"""

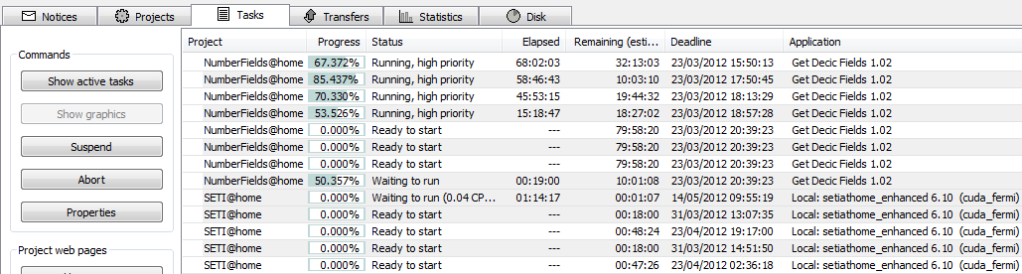 ----------------------------------------Some have reported resource deployment issues with 7.0.21 on the developer mail list [overcommitting and underutilizing] and reverting to 7.0.20. There's a test version .22 but expecting a new one very soon to test... [I'm monitoring in main to confirm the development remains compatible with WCG's 700 server version]. More scheduling changes to come. --//-- edit: A comment on the developer mail list: Basically, I'm in the same position as http://i1148.photobucket.com/albums/o562/R_Haselgrove/HPblocksGPU.png except that I've downgraded to v7.0.20 to get the GPU running again. Use 7 entirely at your own risk / or when an other non-WCG project requires a 7 release. No guarantee it works at WCG. Note that the adoption path currently has permanently skipped 6.12. Nothing there, but the Notices tab if you like desktop delivery of news and important client alerts [but be aware, some projects spam that box with bi-daily challenge information] [Edit 1 times, last edit by Former Member at Mar 22, 2012 4:27:12 PM] |
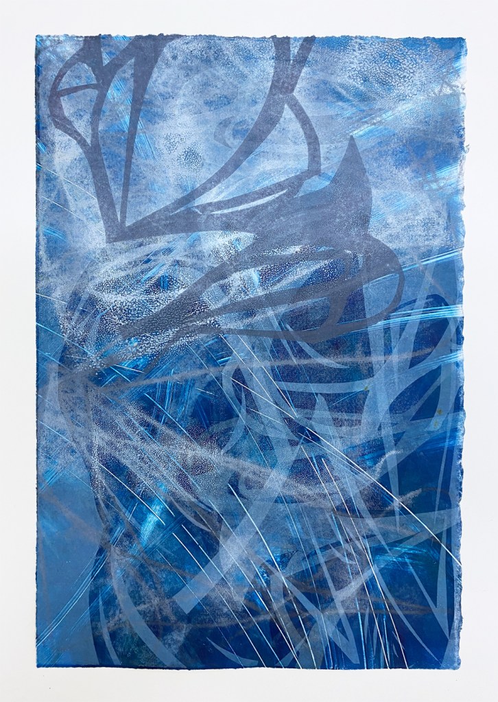 Through the investigation of wind, weather, light, amoebae, cosmos, and the body’s internal void, my work depicts the unseen and the intangible, providing a glimpse into some place else. Beams of light contort into forest limbs and then flicker, approaching dissolution. Foregrounded knots of intestinal sludge divide the earth and the ether. Gravity disappears in the viscous superimposition of abstracted forms.
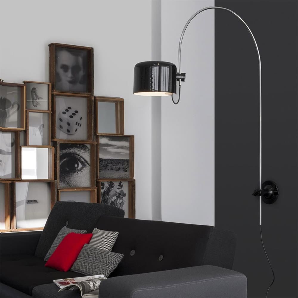 The Coupé wall lamp by Oluce, designed in 1967 by Joe Colombo, is an icon of Italian design, originally conceived as an evolution of the Spider family. Its innovative light orientation system, achieved through a simple yet ingenious joint between the arm and the head, allows for flexible light direction: upward, downward, or sideways.

"""

**Exercise brief:** Set down the material above word for word and skip its pictures.

**Solution to this task:**
 ----------------------------------------Some have reported resource deployment issues with 7.0.21 on the developer mail list [overcommitting and underutilizing] and reverting to 7.0.20. There's a test version .22 but expecting a new one very soon to test... [I'm monitoring in main to confirm the development remains compatible with WCG's 700 server version]. More scheduling changes to come. --//-- edit: A comment on the developer mail list: Basically, I'm in the same position as http://i1148.photobucket.com/albums/o562/R_Haselgrove/HPblocksGPU.png except that I've downgraded to v7.0.20 to get the GPU running again. Use 7 entirely at your own risk / or when an other non-WCG project requires a 7 release. No guarantee it works at WCG. Note that the adoption path currently has permanently skipped 6.12. Nothing there, but the Notices tab if you like desktop delivery of news and important client alerts [but be aware, some projects spam that box with bi-daily challenge information] [Edit 1 times, last edit by Former Member at Mar 22, 2012 4:27:12 PM] |
 Through the investigation of wind, weather, light, amoebae, cosmos, and the body’s internal void, my work depicts the unseen and the intangible, providing a glimpse into some place else. Beams of light contort into forest limbs and then flicker, approaching dissolution. Foregrounded knots of intestinal sludge divide the earth and the ether. Gravity disappears in the viscous superimposition of abstracted forms.
 The Coupé wall lamp by Oluce, designed in 1967 by Joe Colombo, is an icon of Italian design, originally conceived as an evolution of the Spider family. Its innovative light orientation system, achieved through a simple yet ingenious joint between the arm and the head, allows for flexible light direction: upward, downward, or sideways.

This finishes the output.